**What you should do**
Word for word, reproduce the records, keeping none of the pictures.

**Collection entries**
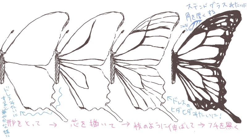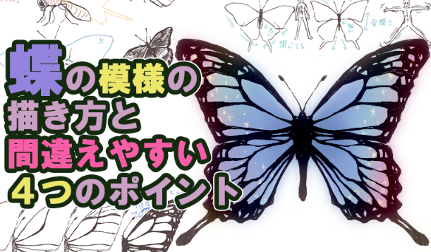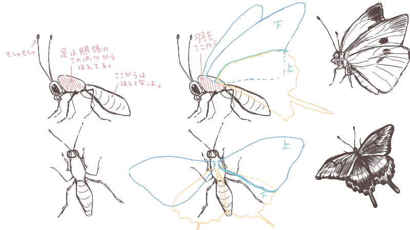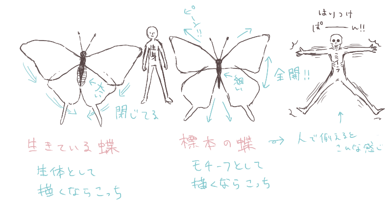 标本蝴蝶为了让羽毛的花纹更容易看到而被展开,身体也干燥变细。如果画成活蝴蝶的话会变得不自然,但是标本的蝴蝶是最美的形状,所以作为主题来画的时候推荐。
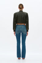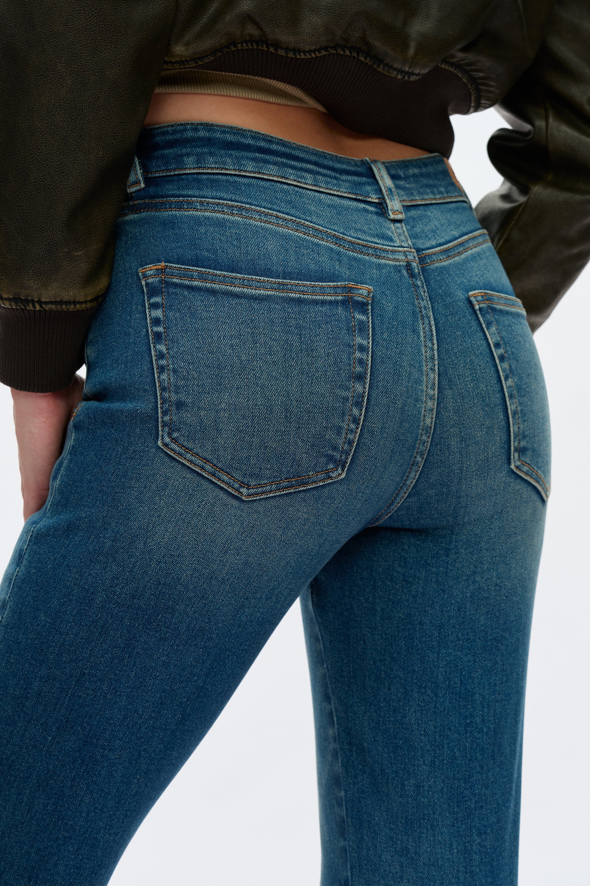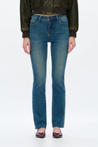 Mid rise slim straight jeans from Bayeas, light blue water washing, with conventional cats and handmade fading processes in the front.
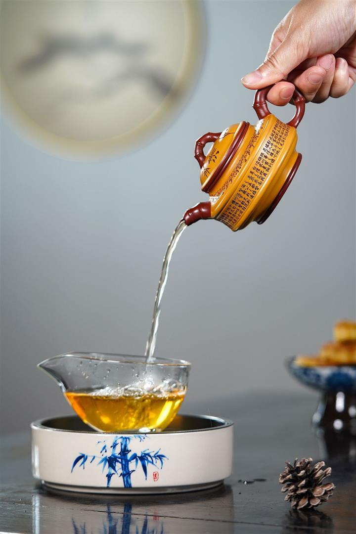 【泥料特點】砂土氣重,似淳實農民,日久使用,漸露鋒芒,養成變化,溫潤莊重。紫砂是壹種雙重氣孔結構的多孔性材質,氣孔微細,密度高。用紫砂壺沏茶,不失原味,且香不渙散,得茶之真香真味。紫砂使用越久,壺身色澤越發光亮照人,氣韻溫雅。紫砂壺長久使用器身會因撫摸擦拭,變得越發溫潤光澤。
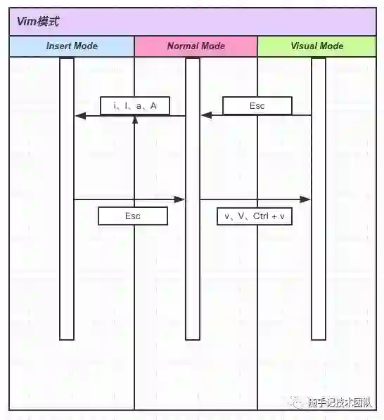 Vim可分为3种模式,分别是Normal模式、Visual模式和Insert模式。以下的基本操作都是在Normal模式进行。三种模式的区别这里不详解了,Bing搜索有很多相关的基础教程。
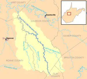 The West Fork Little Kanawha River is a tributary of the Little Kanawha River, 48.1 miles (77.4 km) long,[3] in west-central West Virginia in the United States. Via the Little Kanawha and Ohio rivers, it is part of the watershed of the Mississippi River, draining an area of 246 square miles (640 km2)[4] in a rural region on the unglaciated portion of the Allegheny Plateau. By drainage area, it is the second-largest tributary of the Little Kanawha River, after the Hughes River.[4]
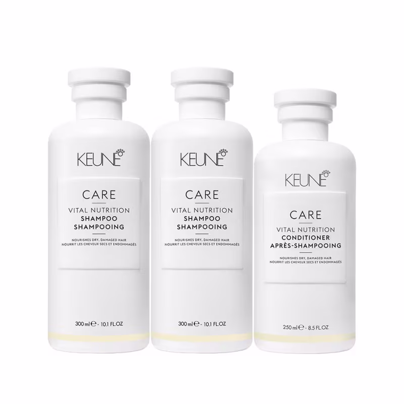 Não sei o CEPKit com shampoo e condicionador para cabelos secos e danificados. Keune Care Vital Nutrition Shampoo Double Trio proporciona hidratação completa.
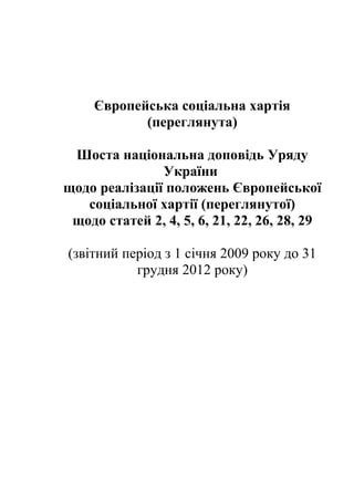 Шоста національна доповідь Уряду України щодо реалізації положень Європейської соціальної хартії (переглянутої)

**Output of the task**
 标本蝴蝶为了让羽毛的花纹更容易看到而被展开,身体也干燥变细。如果画成活蝴蝶的话会变得不自然,但是标本的蝴蝶是最美的形状,所以作为主题来画的时候推荐。
 Mid rise slim straight jeans from Bayeas, light blue water washing, with conventional cats and handmade fading processes in the front.
 【泥料特點】砂土氣重,似淳實農民,日久使用,漸露鋒芒,養成變化,溫潤莊重。紫砂是壹種雙重氣孔結構的多孔性材質,氣孔微細,密度高。用紫砂壺沏茶,不失原味,且香不渙散,得茶之真香真味。紫砂使用越久,壺身色澤越發光亮照人,氣韻溫雅。紫砂壺長久使用器身會因撫摸擦拭,變得越發溫潤光澤。
 Vim可分为3种模式,分别是Normal模式、Visual模式和Insert模式。以下的基本操作都是在Normal模式进行。三种模式的区别这里不详解了,Bing搜索有很多相关的基础教程。
 The West Fork Little Kanawha River is a tributary of the Little Kanawha River, 48.1 miles (77.4 km) long,[3] in west-central West Virginia in the United States. Via the Little Kanawha and Ohio rivers, it is part of the watershed of the Mississippi River, draining an area of 246 square miles (640 km2)[4] in a rural region on the unglaciated portion of the Allegheny Plateau. By drainage area, it is the second-largest tributary of the Little Kanawha River, after the Hughes River.[4]
 Não sei o CEPKit com shampoo e condicionador para cabelos secos e danificados. Keune Care Vital Nutrition Shampoo Double Trio proporciona hidratação completa.
 Шоста національна доповідь Уряду України щодо реалізації положень Європейської соціальної хартії (переглянутої)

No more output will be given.